Albert Watson (born 8 September 1985) is a Northern Irish professional footballer who plays for NIFL Premiership club Larne as a defender.

Club career

Early career
Born in Belfast, Watson made his senior-club debut for Ballymena United on 4 December 2001 in a 1–1 draw against Institute, at 16 years of age. He attracted interest from Linfield in February 2008, although any interest concluded when Watson signed a new contract with Ballymena a few days later. In January 2011, Watson made his 300th appearance for the club.

In April 2011 he joined Linfield on a two-year contract, during which the team would capture two consecutive Premiership and Irish Cup doubles.

FC Edmonton
On 18 January 2013, it was announced that Watson, along with teammate Daryl Fordyce would not return to Linfield the following season, instead seeking new playing opportunities in Canada. On 25 February 2013, it was reported that both Watson and Fordyce would join FC Edmonton. Watson was named FC Edmonton captain prior to the 2013 NASL season, and after missing the first few months due to a torn MCL, went on to be named in the NASL Best XI for the season.

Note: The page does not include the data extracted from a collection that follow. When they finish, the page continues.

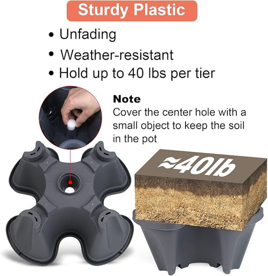 Vertical Planter 3 Tier Stackable Planters Garden Planters Strawberry Herb Flower and Vegetable Planter Indoor Outdoor Gardening Pots with Removable Wheels and Tools
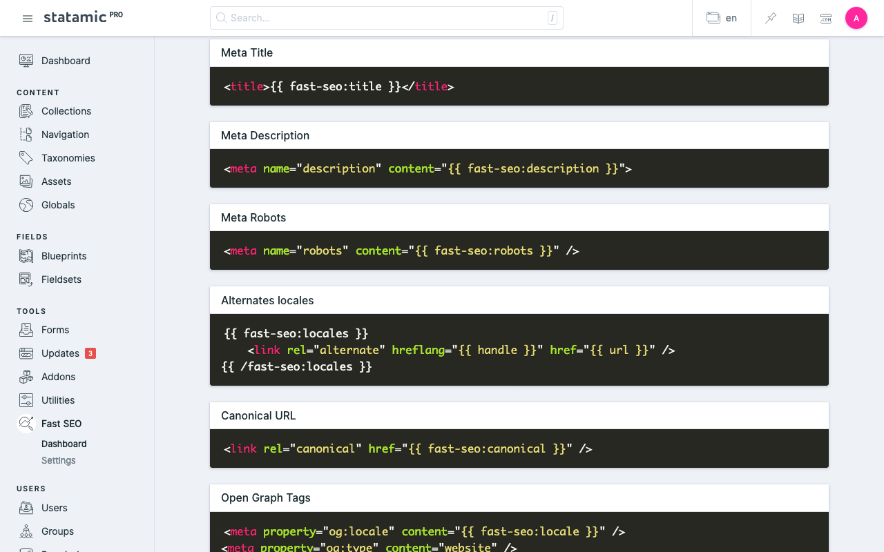 Statamic addon to implement SEO tags. Fast.
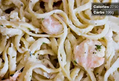 Les pâtes aux crevettes typiques Alfredo dans votre restaurant local peuvent avoir d'énormes portions et 73 grammes de graisses saturées qui obstruaient l'artère. Le diabète rend les maladies cardiaques plus probables, les médecins conseillent donc à la limitation des graisses saturées à environ 15 grammes par jour pour un régime de 2000 calories.
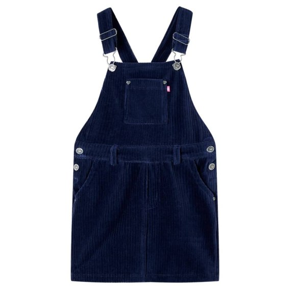 Ta dziecięca sukienka ogrodniczka ma regulowane ramiączka, guziki po bokach i naszywane kieszenie. Wykonano ją z miękkiego sztruksu, który składa się w 58% z bawełny, w 37% z poliestru i w 5% z elastanu, dzięki czemu zapewnia większy komfort.
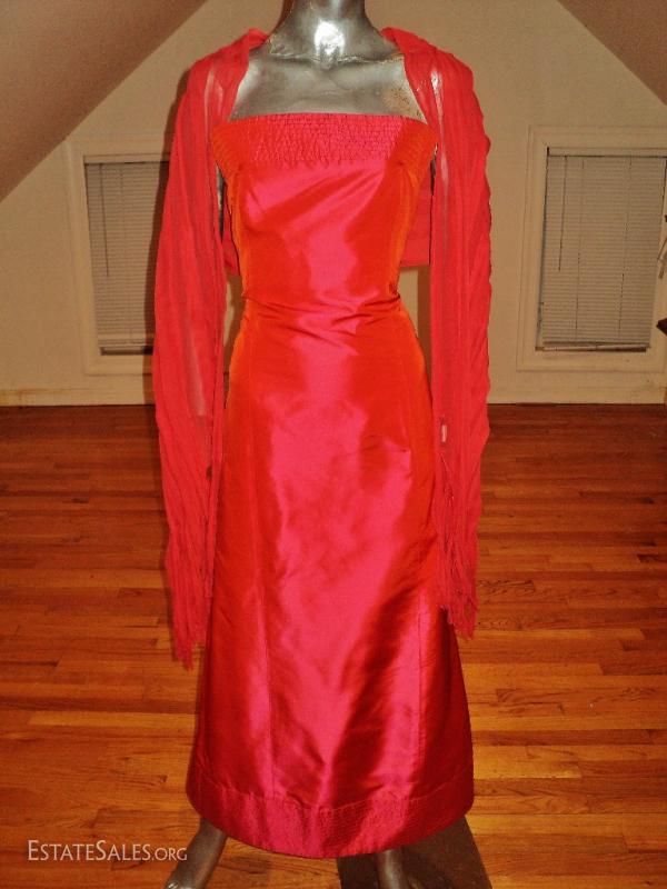 Rare Couture silk shantung Runway gown with amazing details stitched embroidery.

After the 2015 NASL season, Watson signed with the club for a fourth season. In August 2016, would go on to become the first player to make 100 appearances for the club. After FC Edmonton surrendered a league low 21 goals in 32 games during the 2016 NASL season, Watson was named to the NASL Best 11 for the second time in the 2016 season.

Knattspyrnufélag Reykjavíkur
On 13 March 2018, he joined Icelandic team KR.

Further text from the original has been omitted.